YOUR SOLIN GENERATED RECIPE
Seared Fish Fillets with Creamy Yam Mash and Steamed Peas
Pan-seared cod fillets served over a velvety yam mash with sweet steamed peas, finished with a touch of grass-fed ghee for a rich, buttery finish.
INGREDIENTS
8 oz Cod Fillet
10.5 oz Sweet Potato (Yam)
1 cup Green Peas
1/4 cup Whole Milk
1/2 tbsp Ghee
2 tsp Olive Oil
PREPARATION
Peel the yams and cut them into 1-inch cubes.
Place the yams in a pot of boiling water and cook for 15 minutes or until fork-tender.
Pat the fish fillets completely dry with paper towels and season with sea salt and black pepper.
Heat the olive oil in a large non-stick skillet over medium-high heat.

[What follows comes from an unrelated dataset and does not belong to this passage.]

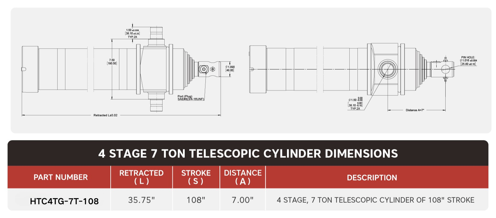"HTC4TG-7T-108", 4 স্টেজ, 7 টন অফ 108" স্ট্রোক টেলিস্কোপিক সিলিন্ডার

Place the fish in the skillet and sear for 4-5 minutes per side until golden and opaque throughout.
Steam the peas in a small amount of water for 3-4 minutes until bright green and tender.
Drain the yams and return them to the pot.
Add the milk and ghee to the yams and mash until smooth and creamy.
Plate the creamy yam mash alongside the seared fish and steamed peas.